O que se come e porque importa
Na Mercearia Central de Teixoso, o requeijão da Quinta da Serra escorre ainda morno para os clientes das 8h. O cabrito de leite - obrigatoriamente com menos de 60 dias - vem das explorações de Vale de Amoreira, onde Américo Rosa cria 400 cabras Serrana. O azeite da Cooperativa de Castelo Novo, com DOP Beira Interior desde 1996, vem de 450 hectares de oliveiras centenárias. A azeitona galega é conservada em água e sal na fábrica do Paul, que processa 300 toneladas por ano.
Caminhos que atravessam séculos
O Caminho Interior de Santiago - rota alternativa medieval ao Caminho Português - passa aqui desde 2017, com 260 km entre Vilar Formoso e Santiago. Os peregrinos sobem pela vereda do Peso, onde a seta amarela nº 27 marca os 18 km até Belmonte. O topónimo "Teixoso" mantém-se inalterado desde o latim "taxus", embora os teixos originais tenham desaparecido na expansão agrícola do século XIX.
Os 11 alojamentos locais - sete em Teixoso, quatro em Sarzedo - incluem a Casa da Cerca, antiga casa de casal do século XVIII com forno comunitário ainda activo, e o Casa no Castanheiro, onde o carvalho-alvarinho tem 300 anos. São 72 camas ao todo, ocupação média de 34% fora dos meses de verão.

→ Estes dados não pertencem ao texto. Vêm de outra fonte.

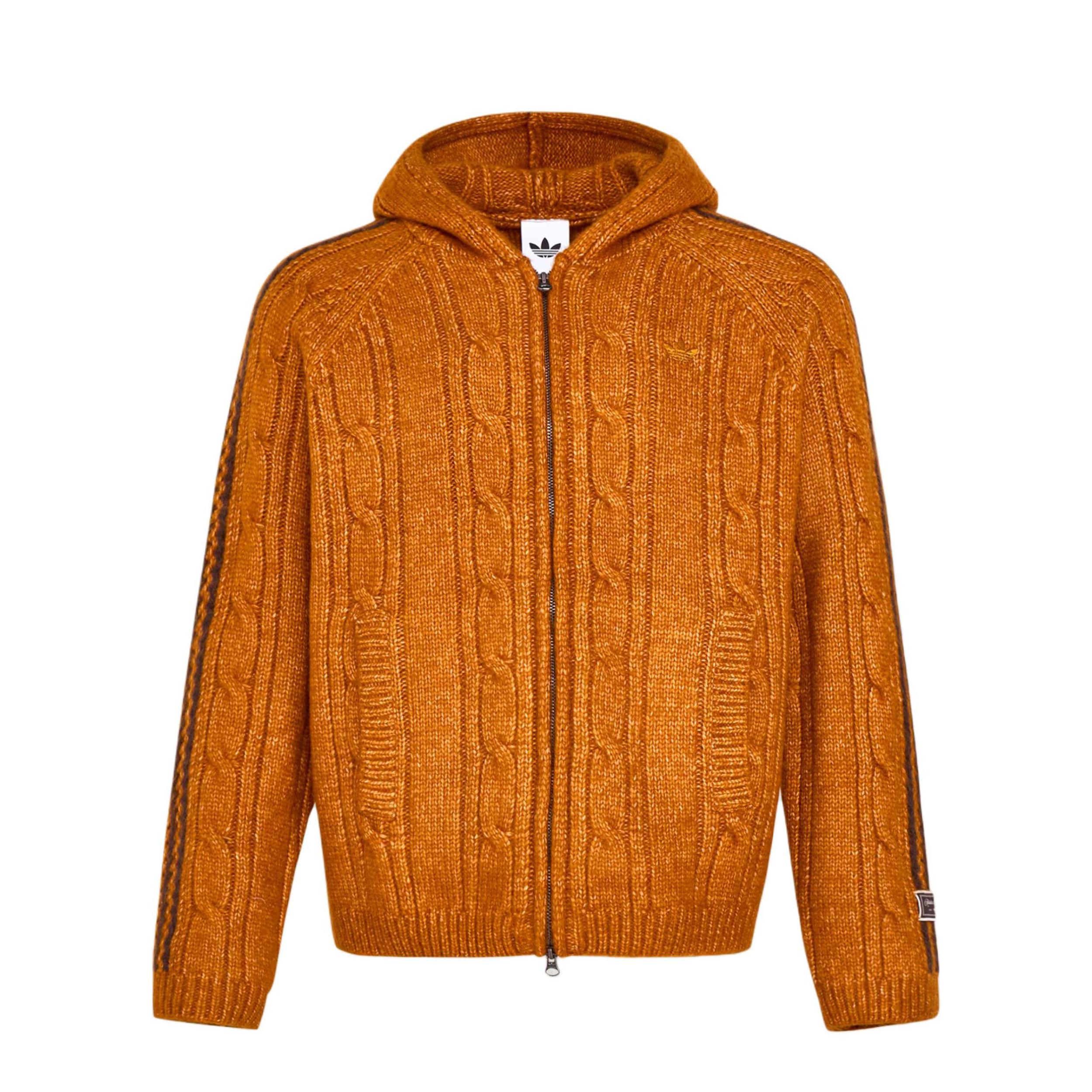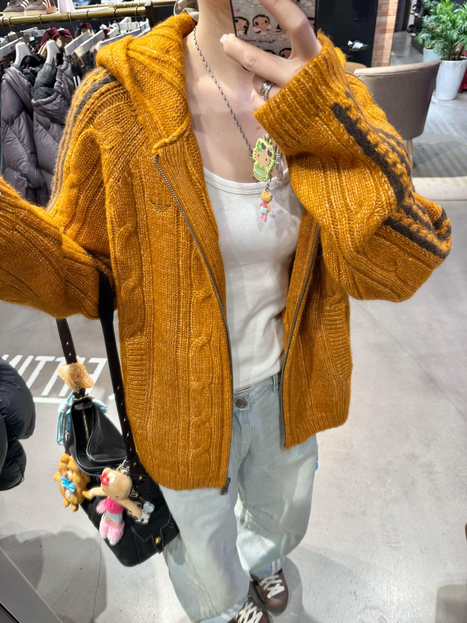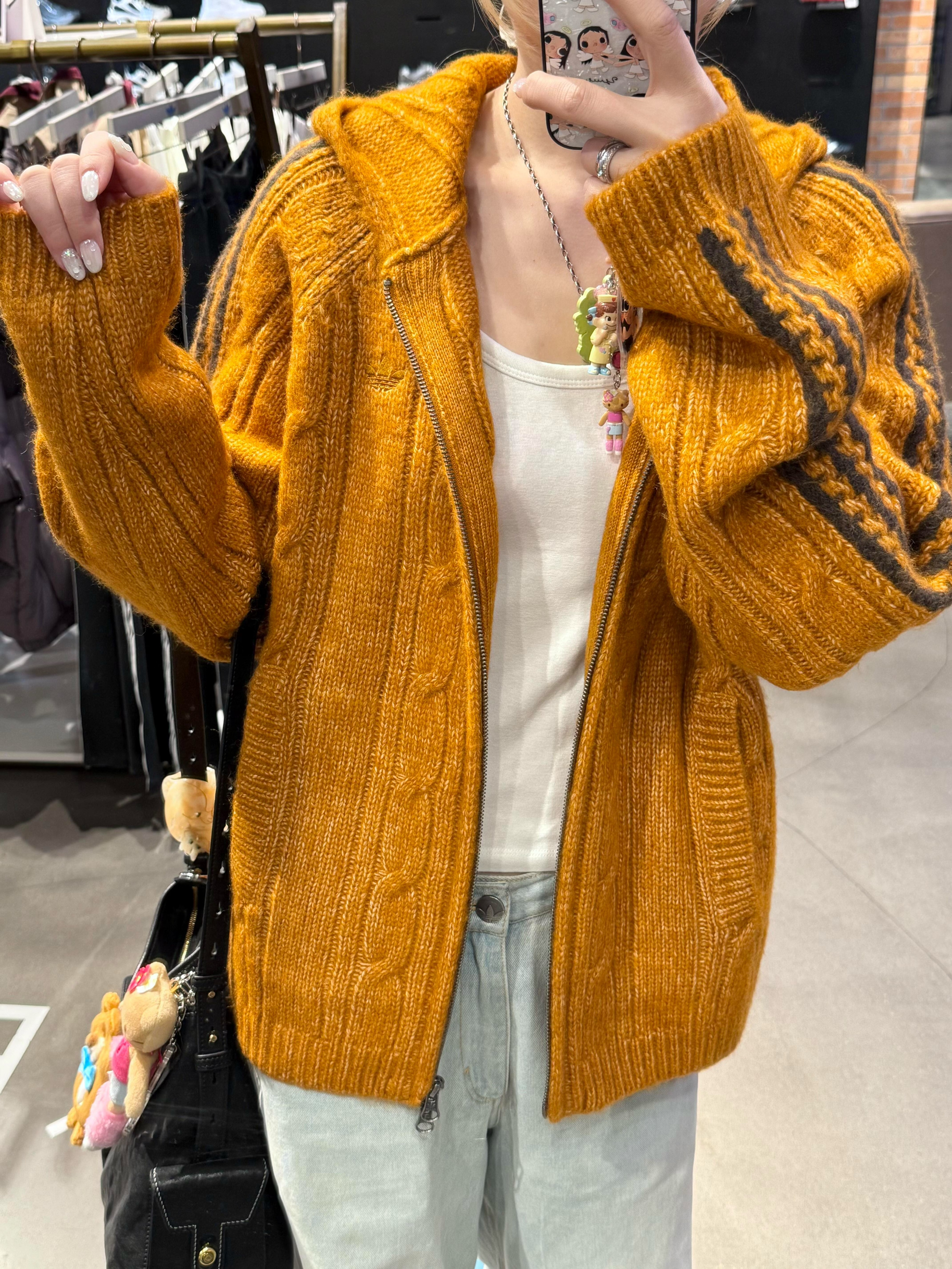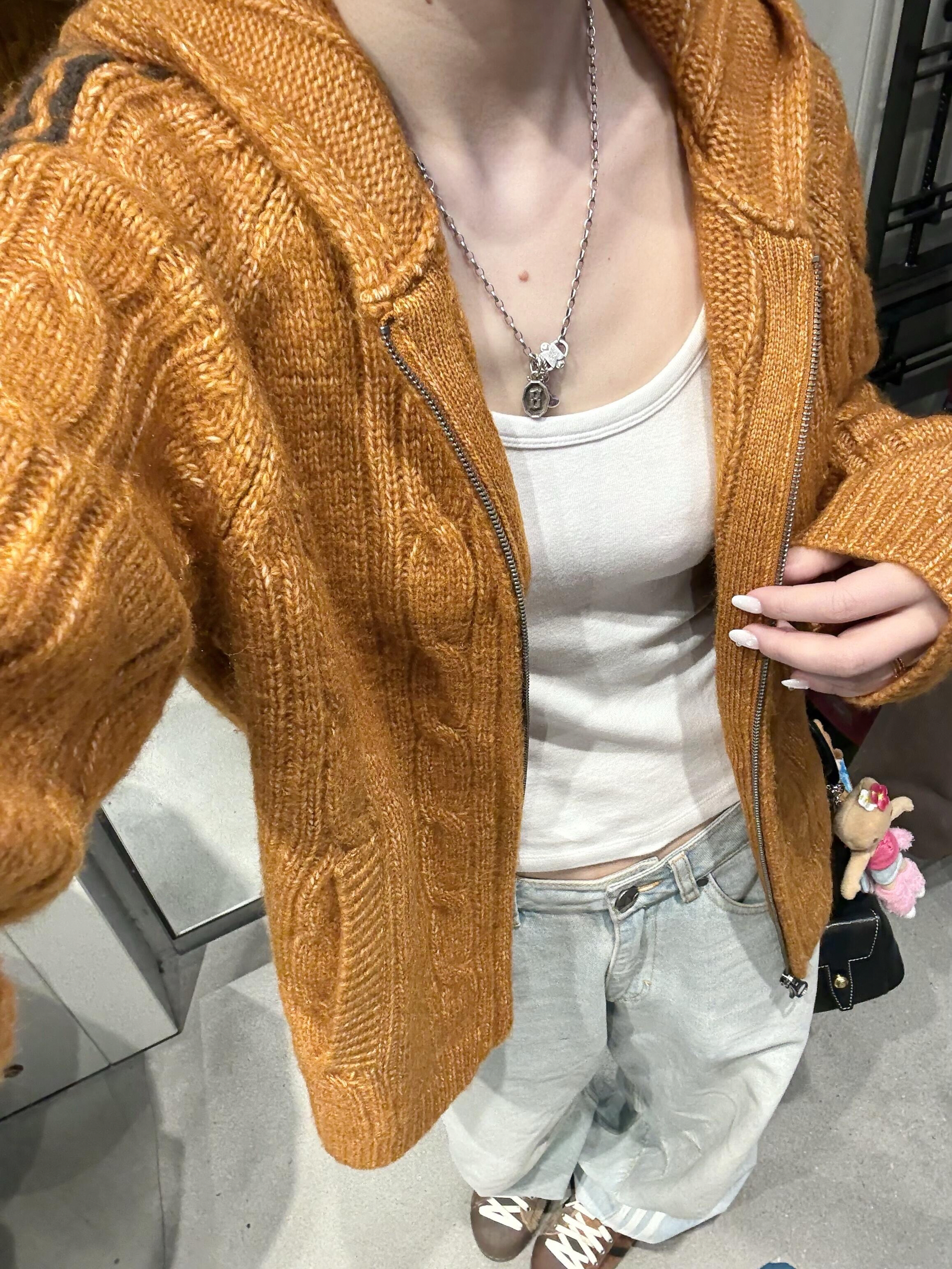 阿迪贝贝们|永远喜欢这种简简单单的穿搭~🧡 秋冬衣柜里必须有一件南瓜色🎃针织开衫! 粗麻花的纹理超有质感,软糯又耐看。 连帽设计带点甜酷感, 条纹撞色瞬间让穿搭不单调~ 宽松版型藏肉又舒服, 搭配浅色牛仔裤👖,一整个随性美式复古风。 焦糖棕衬得肤色白到发光啦~ 温柔又不挑人,get同款闭眼入不亏!
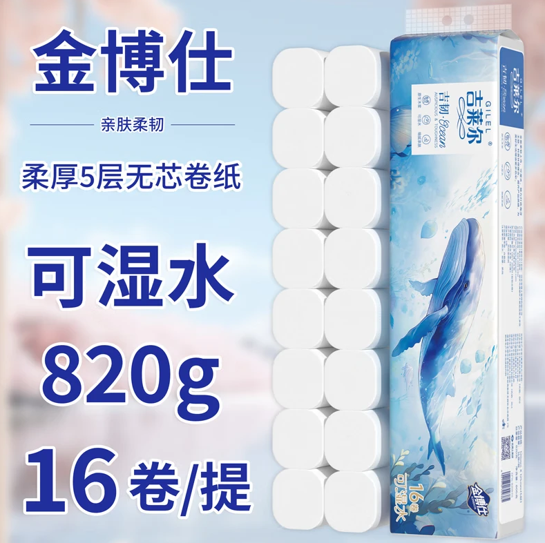 金博仕无芯卷纸吉莱尔系列5层大卷加厚原POP店生木浆款实惠装大卷妇婴纸厕纸 5层51.25g*16卷

Fica o frio no rosto ao fim do dia, quando o sol desce atrás do Cântaro Magro às 17h30 em Dezembro e as sombras se estendem pelos vales. Fica o sabor ao fumeiro de porco preto que cura nas adegas de xisto durante três meses, o peso do queijo DOP com 45% de gordura que Joaquim Carvalho vende embrulhado em papel de arroz na sua queijaria de 1897. Fica a certeza de que aqui a montanha não se visita - habita-se, mesmo que por breves horas, entre os 817 metros de altitude e os 1500 milímetros de chuva anual que moldaram este lugar há 500 anos e o moldam ainda hoje.